I'm also surprised that you didn't have a segment for Dewgong. It's entirely outclassed in it's role by Lapras, who is available in Saffron City while Dewgong is locked all the way in Seafoam Islands.
I find videos like this kind of strange yet still informative. People should use whatever they want in casual playthroughs. Using the same best Pokemon every playthrough is incredibly boring.

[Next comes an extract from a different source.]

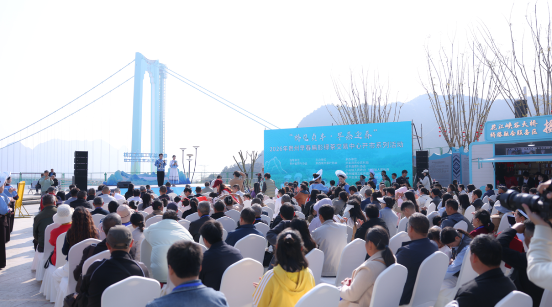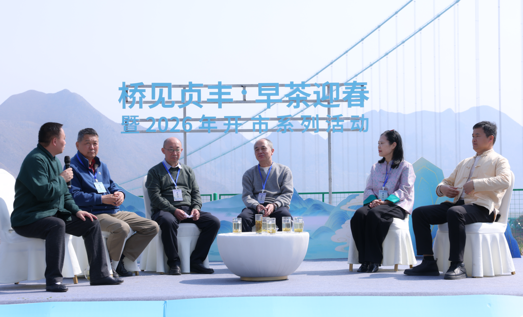 2月28日,“桥见贞丰·早茶迎春”2026年贵州早春扁形绿茶交易中心开市系列活动在花江峡谷大桥云渡服务区举行。贵州省茶叶协会副会长、黔西南州茶叶协会会长、黔西南州人大常委会原副主任(一级巡视员)黄健勇,贵州大学茶学院党委书记薛伟,县人大常委会原主任、贞丰县茶叶协会会长李正全及省、州、县茶叶协会相关负责人,贵州大学茶学院博士团队,相关茶企负责人和省内外茶商、桥梁专家、游客等参加。

I say near the end of the intro that you should just use what you want. I made this video because I like to research stuff about Pokemon
Love all the work you put into the visual effects
I wonder how the developers decide on such saturated movepools, useless types, and janky unbalanced stats...
Lickitung has a fun niche of being the only Pokemon to learn both Swords Dance and Hyper Beam with STAB. It's not exactly *good* at weaponizing this as it has the Attack of wet toilet paper, but it's something cool.